This article provides a litigation‑first playbook, covering the notice’s substance, its impact on biotech patent eligibility, concrete claim drafting biotech examples, Federal Court patent strategy considerations and immediate action steps for both sides of the courtroom.
The CIPO practice notice consolidates and updates the guidance previously scattered across the Manual of Patent Office Practice (MOPOP) and earlier practice notices. It instructs examiners to apply a structured framework when evaluating whether claims define patentable subject‑matter under section 2 of the Patent Act, which defines “invention” as “any new and useful art, process, machine, manufacture or composition of matter, or any new and useful improvement in any art, process, machine, manufacture or composition of matter.” The notice brings CIPO’s internal practice into closer alignment with the analytical approach emerging from recent Federal Court jurisprudence.
The framework requires examiners to: (1) purposively construe the claims to identify their essential elements; (2) determine the “actual contribution” or “inventive concept” of the claimed invention; and (3) assess whether that contribution constitutes subject‑matter that falls within the statutory definition, excluding, for example, mere abstract ideas, scientific principles, methods of medical treatment (where applicable) or disembodied discoveries. The Canadian Bar Association’s prior MOPOP submissions had advocated for greater clarity in precisely this area, and the notice can be read as CIPO’s response to those professional‑body concerns.
The notice states that examiners must look beyond the “form of the claim” to its “substance and inventive concept” when assessing eligibility.

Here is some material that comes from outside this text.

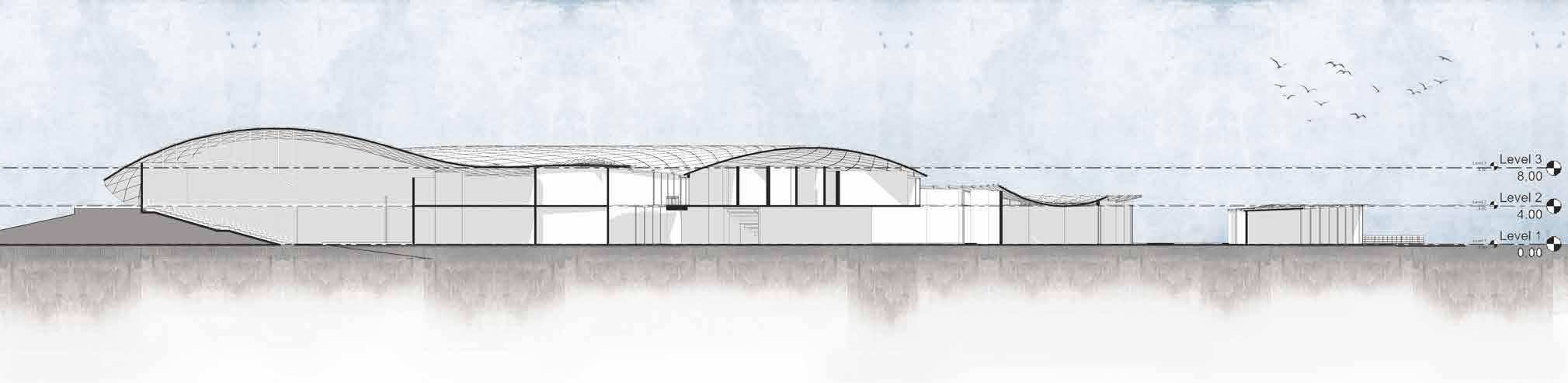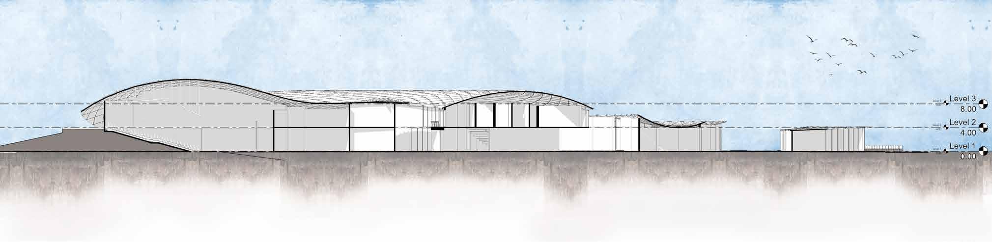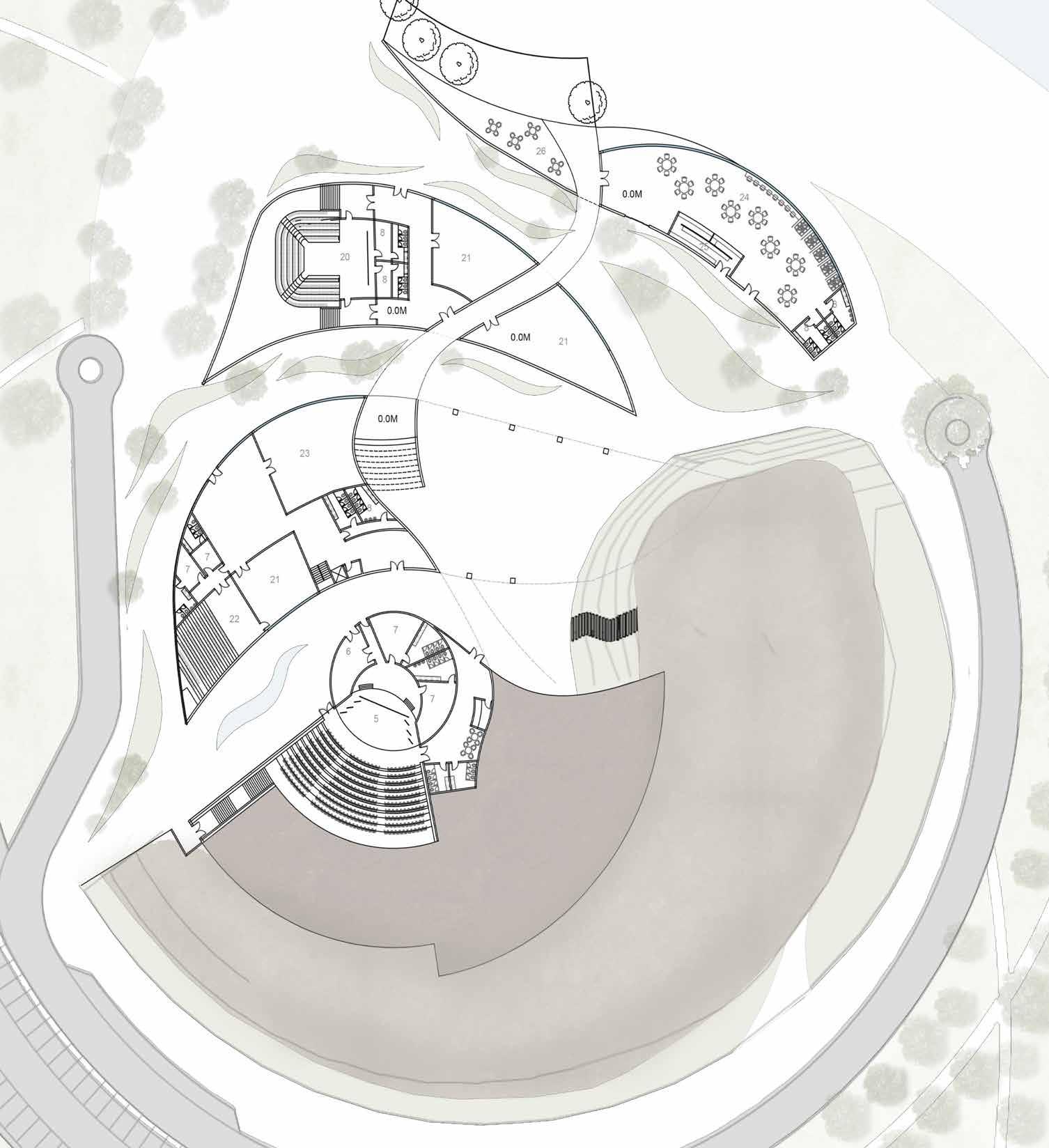 1. Restaurant 2. Supermarket 3. Food Kiosk 4. Toilet 5. Children’s Centre 6. Filtration Room 7. Pump Room 8. Storage SCALE 1:400

This language signals a shift toward a more rigorous analysis that does not accept at face value the structural elements recited in a claim if the true contribution lies outside patentable categories. It also clarifies that the presence of physical or tangible elements in a claim does not automatically render the subject‑matter patentable, the inventive concept itself must be patent‑eligible.
A critical point for litigators: the notice is guidance to CIPO examiners and is not, by itself, binding on the Federal Court. However, industry observers expect that courts will treat the framework as persuasive, particularly where it reflects or codifies principles already articulated in Federal Court and Supreme Court of Canada decisions. Patent prosecutors and litigators alike must therefore anticipate that this framework will be cited in validity challenges.
For biotech patent eligibility, the March 2026 practice notice represents the most significant recalibration of CIPO’s approach in over a decade. Biological inventions, from novel protein compositions to diagnostic methods and gene‑therapy delivery systems, now face a more granular “inventive concept” inquiry that can strip away claim elements the examiner considers non‑inventive and examine whether the residual contribution is truly patentable.
This analytical approach has direct consequences for pharmaceutical patents in Canada. A composition claim that recites a known protein in combination with a novel formulation, for example, must demonstrate that the inventive concept resides in the formulation (a manufacture or composition of matter) rather than in the mere discovery of a biological property of the protein. Similarly, claims directed to methods of treatment face renewed scrutiny, as the notice reinforces the principle that methods of medical treatment may not constitute patentable subject‑matter where the inventive concept is the therapeutic application itself, rather than a novel process or manufacture.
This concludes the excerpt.